## Data to use

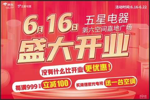 还有什么活动比开业更划算的呢?当然有啦!!!6月18号京东·五星电器新装震撼开业! 开业活动震撼无敌买电器还是到嘉地广场五星电器店 【开业特惠】 【门店环境展示】 活动这么优惠,是什么时间在哪里参与呢?当然是嘉兴嘉地广场3楼中厅时间是2023年6月18日联系电话:134-5639-1661
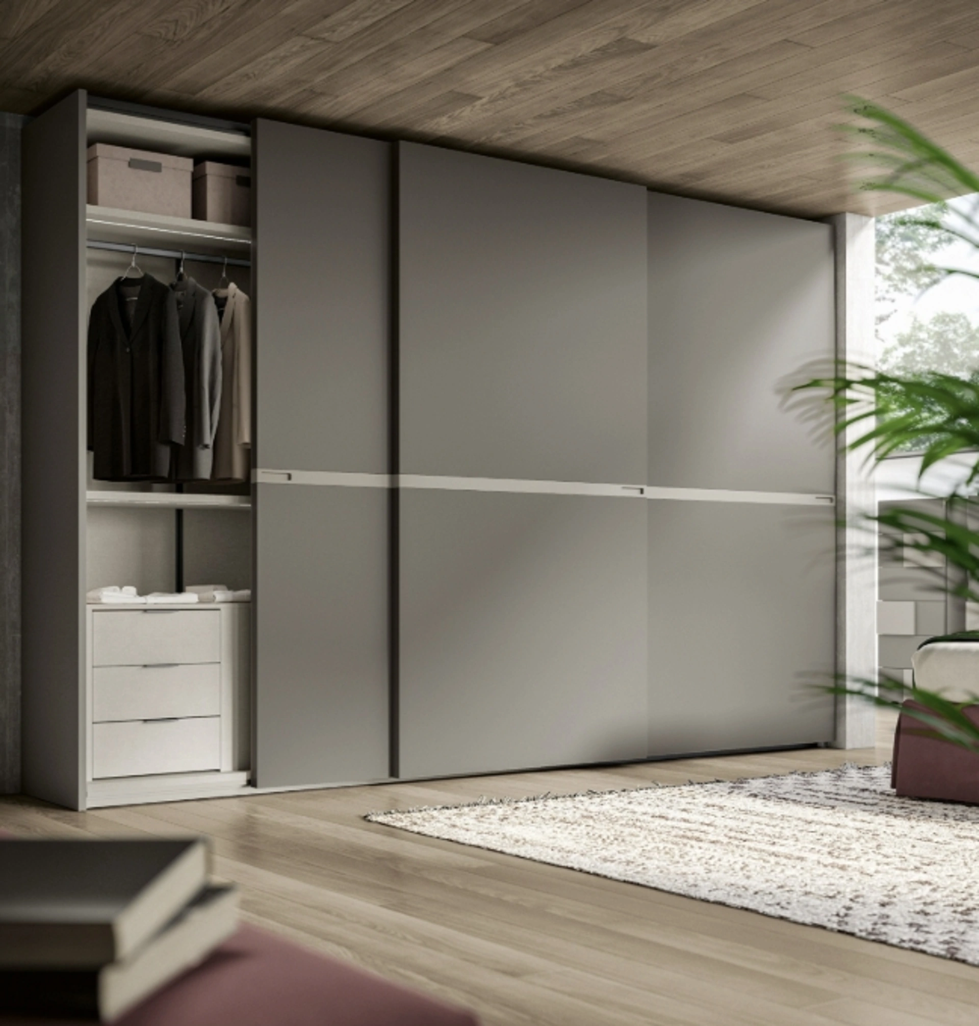 Modello Ardecò Forte Max Fango con ante scorrevoli in laccato opaco pensato per una zona notte dai richiami moderni: scopri le soluzioni a muro
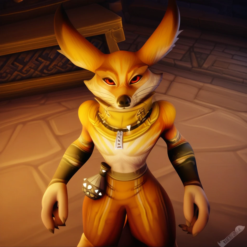 Kiro, Vulpera, Orange eyes, jewelry, bracers, neck brace, fox tail,
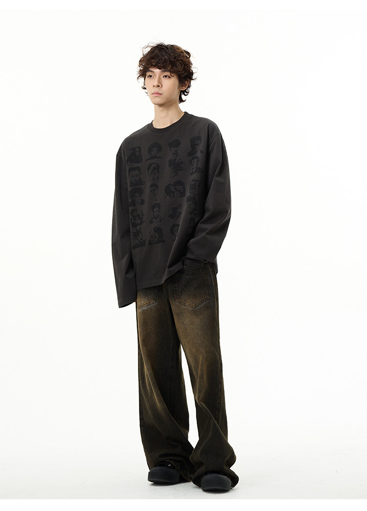 伟朗店摇滚肖像印花长袖t恤男士覆古街头美式宽松帅气上衣情侣潮 [Original Page Link]
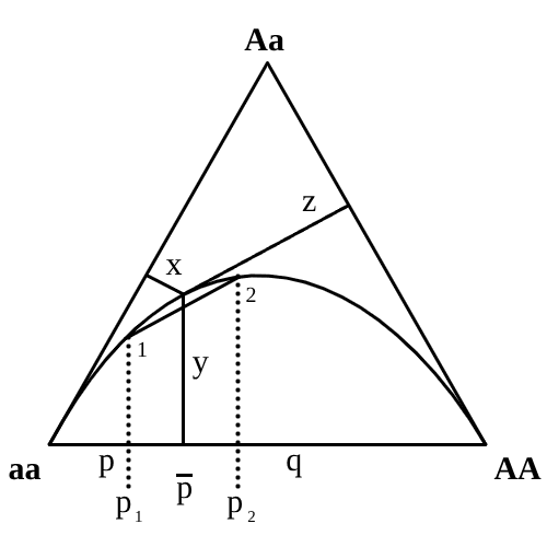 Look at the citrus fruit plot. Every data point on that plot corresponds to a species of citrus, whose ancestry is some mixture of mandarins, pomelos, and citrons. The three corners are the ancestral species themselves, which are 100% themselves and 0% anything else. To take an example from somewhere inside the plot, most lemons are about 20% pomelo, 30% mandarin, and 50% citron. You can read that off from the grid lines: mandarin ancestry is shown by vertical position, with 0%-mandarin fruits along the bottom of the triangle and the mandarin itself at the top. The "lemons" cluster is about 30% of the way up (between the yellow horizontal lines marked "20%" and "40%"), so it's 30% mandarin. Similarly, lemons are 20% of the way from the right edge (0% pomelo) to the bottom-left corner (100% pomelo).

## What this task involves
Each line above should be set down exactly as written, with pictures excluded.

## Answer to this problem
 还有什么活动比开业更划算的呢?当然有啦!!!6月18号京东·五星电器新装震撼开业! 开业活动震撼无敌买电器还是到嘉地广场五星电器店 【开业特惠】 【门店环境展示】 活动这么优惠,是什么时间在哪里参与呢?当然是嘉兴嘉地广场3楼中厅时间是2023年6月18日联系电话:134-5639-1661
 Modello Ardecò Forte Max Fango con ante scorrevoli in laccato opaco pensato per una zona notte dai richiami moderni: scopri le soluzioni a muro
 Kiro, Vulpera, Orange eyes, jewelry, bracers, neck brace, fox tail,
 伟朗店摇滚肖像印花长袖t恤男士覆古街头美式宽松帅气上衣情侣潮 [Original Page Link]
 Look at the citrus fruit plot. Every data point on that plot corresponds to a species of citrus, whose ancestry is some mixture of mandarins, pomelos, and citrons. The three corners are the ancestral species themselves, which are 100% themselves and 0% anything else. To take an example from somewhere inside the plot, most lemons are about 20% pomelo, 30% mandarin, and 50% citron. You can read that off from the grid lines: mandarin ancestry is shown by vertical position, with 0%-mandarin fruits along the bottom of the triangle and the mandarin itself at the top. The "lemons" cluster is about 30% of the way up (between the yellow horizontal lines marked "20%" and "40%"), so it's 30% mandarin. Similarly, lemons are 20% of the way from the right edge (0% pomelo) to the bottom-left corner (100% pomelo).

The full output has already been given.